Showing on Friday, July 8, What We Left Unfinished (2019), a documentary from artist Mariam Ghani, contemplates five unfinished films produced during the Communist era in Afghanistan (1978-1991). The film weaves together newly rediscovered and restored scenes from these abandoned projects, new footage shot in the same locations, and present-day interviews with the filmmakers, actors, and crew members who risked their lives to make subversive cinema. While Ghani’s feature focuses on a specific place and time in history, it broadly examines the complex relationship between art and politics amid violence, war, censorship, and repression.
Near the end of the month on Thursday, July 28, Leos Carax’s Pola X (1999) stands out as one of the more obscure and provocative selections in the summer program. Loosely based on the 1852 Herman Melville novel Pierre: Or, The Ambiguities, the film concerns a young novelist who encounters an enigmatic woman at the edge of a dark forest claiming to be his half-sister. The two begin a romantic (possibly incestuous) relationship, while actors Guillaume Depardieu and Yekaterina Golubeva evidently engage in unsimulated sex scenes. This bizarre byproduct of the French New Extremity boasts an experimental soundtrack by teen pop icon-turned-avant-garde musician Scott Walker, with contributions from noise rock pioneers Sonic Youth and apocalyptic folk singer-songwriter Bill Callahan (a.k.a. Smog).

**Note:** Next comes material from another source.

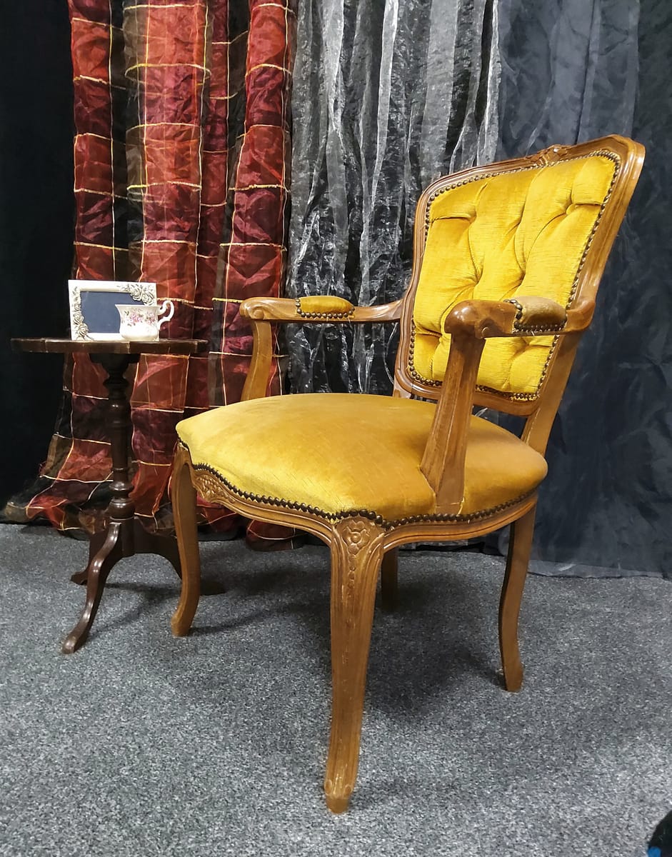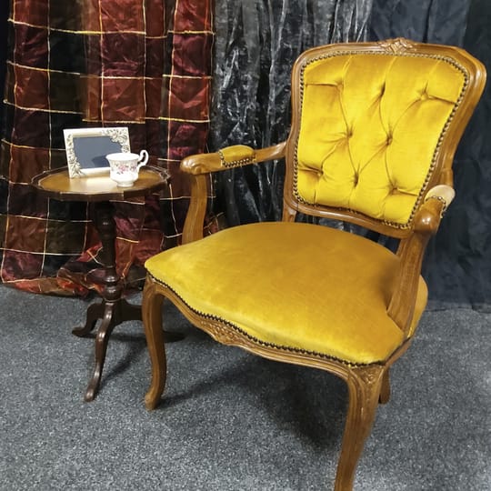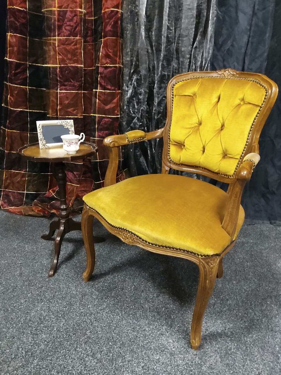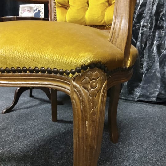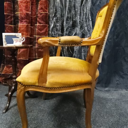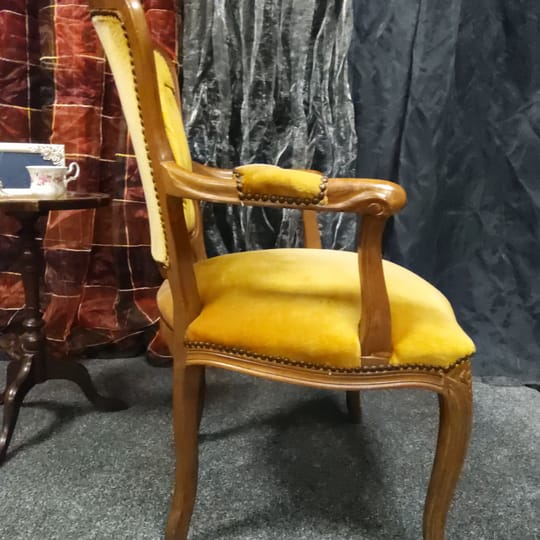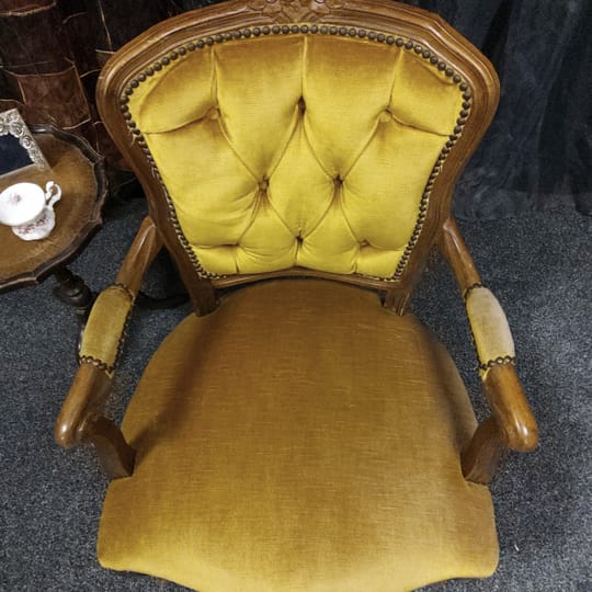 Тапицерията е от дебела, тъкана материя в приглушено жълто/старо злато цвят. Седалката, облегалката и част от подлакътниците са подплатени за комфорт.
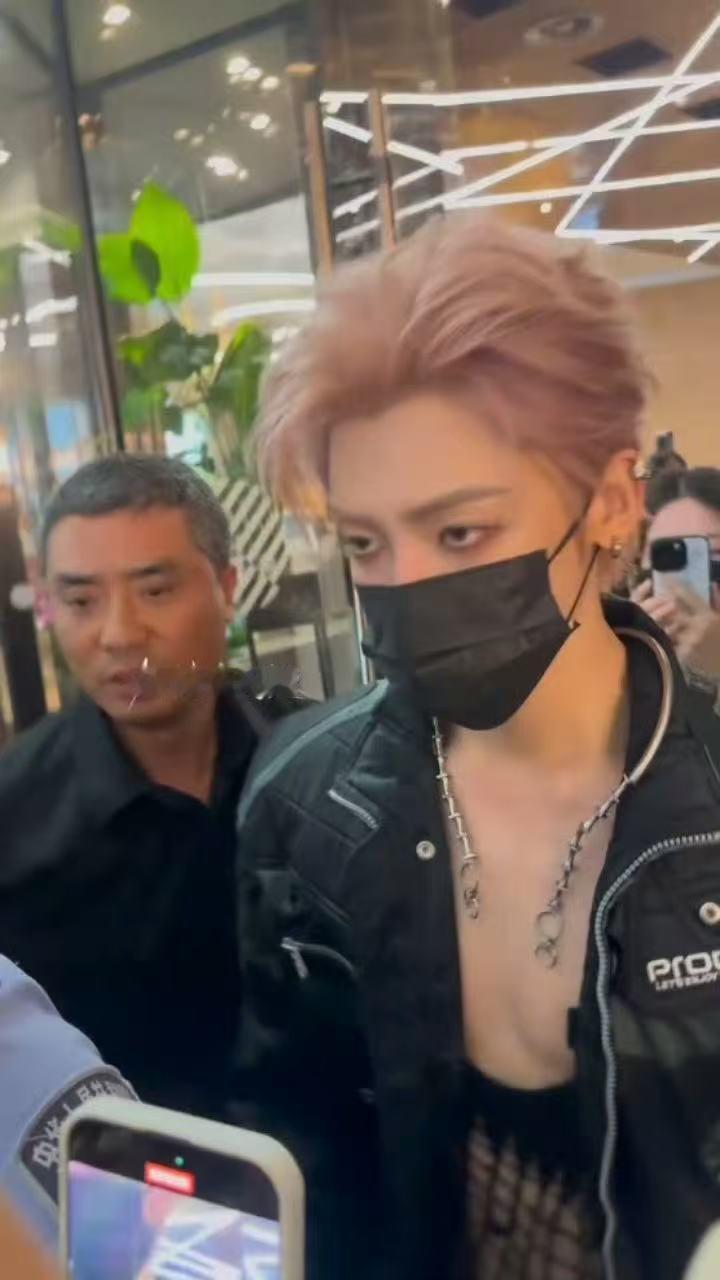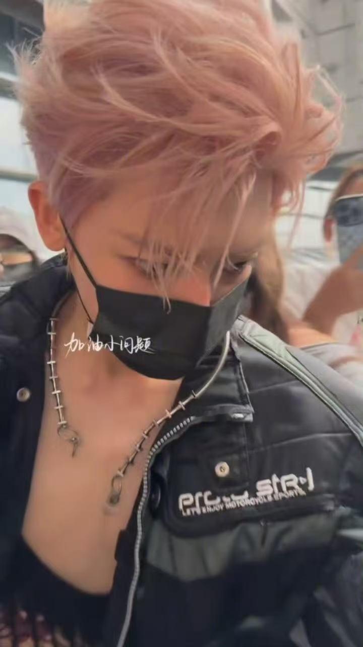 侯明昊音乐节粉发造型舞台小侯出现!!!这个粉发好有爱豆味儿!太帅了!

Perhaps the oddest Lynch film on account of its uncharacteristically linear narrative, as well as its absence of grotesque imagery and startling fluorishes of violence, The Straight Story (1999) remains the only Lynch film to be released by Walt Disney Pictures and given a G-rating by the MPAA. Based on the real-life journey of Alvin Straight (Richard Farnsworth), a 73-year-old man who traveled 240 miles on a riding lawn mower from Iowa to visit his ailing, estranged brother in Wisconsin, The Straight Story initially might seem like the work of an entirely different filmmaker. Nevertheless, in interviews, Lynch called it his “most experimental movie,” referring mostly to its documentary qualities. Attentive viewers may also notice hints of the artist’s preoccupations with consciousness, mortality, the dark underbelly of the American Dream, and the absurd mystery of the strange forces of existence. Despite its subtle Lynchian elements, The Straight Story stands out for being the only project in the director’s filmography in which he did not have any input in the script. Lynch’s longtime collaborator and UW-Madison alumna Mary Sweeney co-wrote the screenplay with John Roach, in addition to producing and editing the movie. Sweeney will honor audiences at 4070 Vilas Hall with her presence for a discussion following The Straight Story on Friday, July 15.